Key words: Web scraping, Web crawling, APIs, REST APIs, Robots.txt, sitemaps, Regex, HTML DOM, Legal & Ethics, Python, BeautifulSoup

1. Introduction: Extract Data from Web Pages

Webpages are built and designed for human consumption and not for ease and automated data collection (Glez-Peña et al., 2013). For that reason, the data on the websites are unstructured, which implies using tools/methods/techniques to convert them into a structured form (Eswari et. al., 2022). According to Dongo et. al. (2021), three well-known methods have been applied to extract/collect data from web pages:

Web scraping
APIs (Application Programming Interface)
Manual extraction / copy-past method

Web scraping and APIs are automated techniques and the most practical ways to collect data from various website pages and repositories (Dongo et. al. 2021). High speed, accuracy, less labour-intensive and less human errors are advantages of automated techniques compared with manual extraction (Bradley & James, 2019, Dongo et. al. 2021, Eswari et. al., 2022).

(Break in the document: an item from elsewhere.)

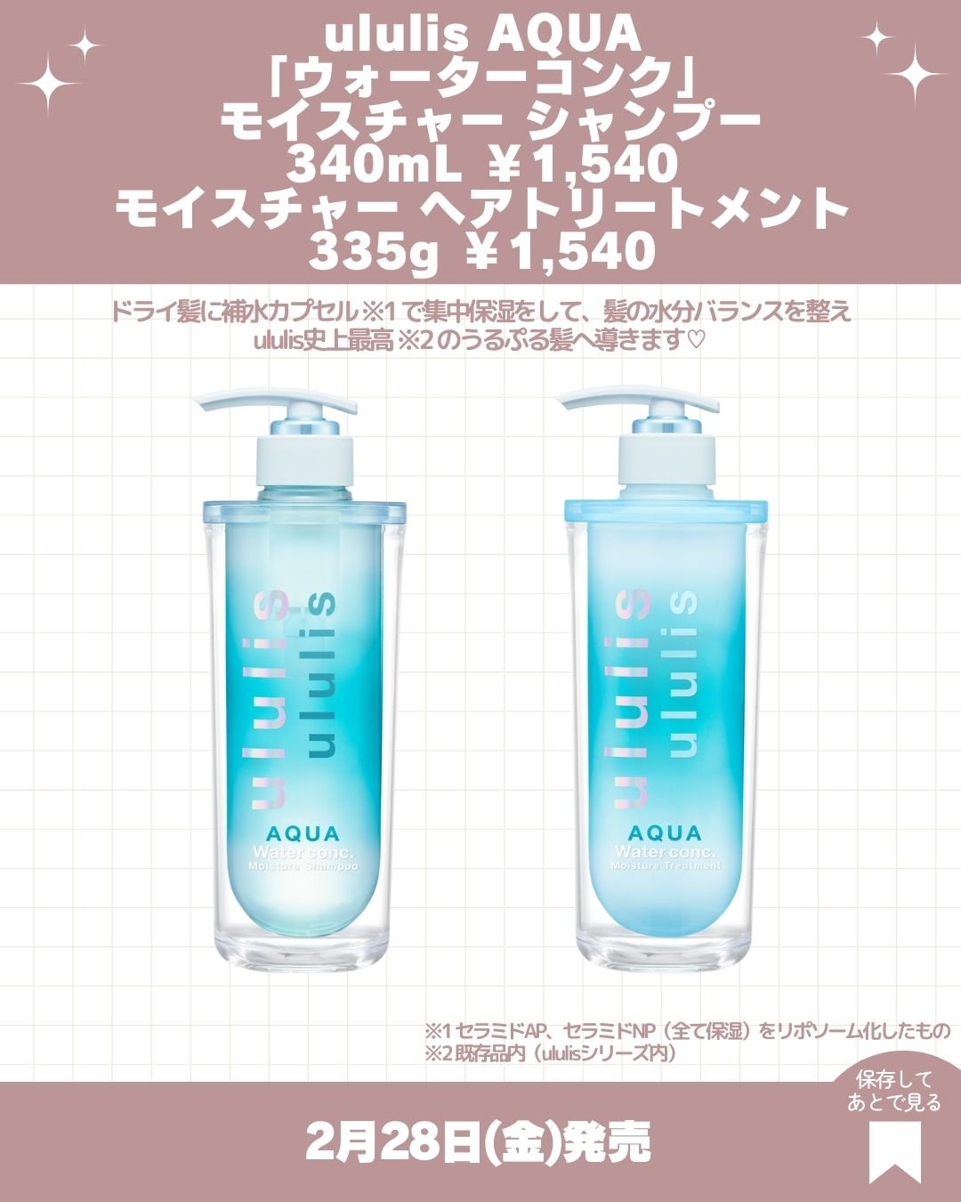 ululis ウォーターコンク モイストシャンプー/ヘアトリートメント | 1,540円 |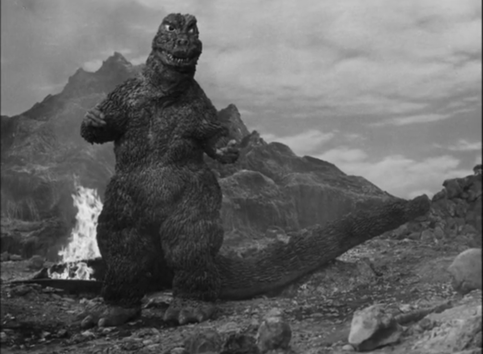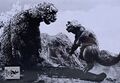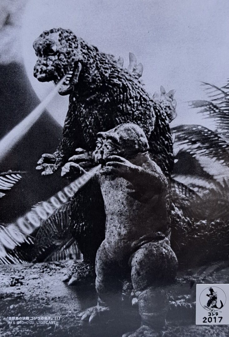 Minilla about to fire atomic breath as his father steps on his tail

An API is an interface that allows communication between software, independent of the website structure or content. APIs provide a robust structure to download and interconnect large sets of heterogeneous information (Glez-Peña et al., 2013). Web scraping is gathering data through any means other than a program interacting with an API (Mitchell, 2018). In practice, and due to the different structures of each website (Eswari et. al., 2022), web scraping requires writing software for each one, encompassing a wide range of programming techniques and technologies (Glez-Peña et al., 2013, Mitchell, 2018).

Therefore, before scraping a website, it is a good idea to check if it offers an API that allows users to quickly collect data directly from the database behind the website (Bradley & James, 2019). However, whether API does not exist or has limitations, Web scraping to gather the data is needed (Dongo et. al., 2021).

2. Web Scraping VS API’s

In an ideal world, web scraping wouldn't be necessary, and each website would provide an API (Jarmul & Lawson, 2017) to share their data in a structured format (Dongo et. al., 2021). APIs are designed to provide a convenient stream of well-formatted data from one computer program to another (Mitchell, 2018), but although some websites do provide APIs, they typically restrict the data that is available and the frequency it can be accessed (Jarmul & Lawson, 2017, Dongo et. al., 2021). Additionally, website developers might change, remove, or restrict the backend API (Jarmul & Lawson, 2017).

On the opposite of web scraping, which is affected by webpage changes, APIs are independent of the information displayed on the website (Dongo et. al., 2021), turning APIs fantastic if you find one that suits your purposes (Mitchell, 2018). Web scraping is more flexible than API extraction once it is not restricted to the information that APIs offer (Dongo et. al., 2021).

Regarding cost and rate limit, extracting data using API is not free and has a limit (Dongo et. al., 2021) while with web scraping the costs linked are to the application development to parse and extract the data (Hillen, 2019). Although web scraping does not have a defined rate limit, it makes the website traffic spike and may cause the breakdown of the website server (Eswari et. al., 2022), so is a good practice to make download requests at a reasonable rate (Jarmul & Lawson, 2017) to spread out the traffic to the website.

In general, it is preferable to use an API (if one exists), rather than build a bot to get the same data. However, according to Mitchell (2018) an API might not exist or be useful for your purposes, for several reasons:

You are gathering relatively small, finite sets of data across a large collection of websites without a cohesive API.
The source does not have the infrastructure or technical ability to create an API.
The data you want is fairly small or uncommon, and the creator did not think it warranted an API.
The data is valuable and/or protected and not intended to be spread widely.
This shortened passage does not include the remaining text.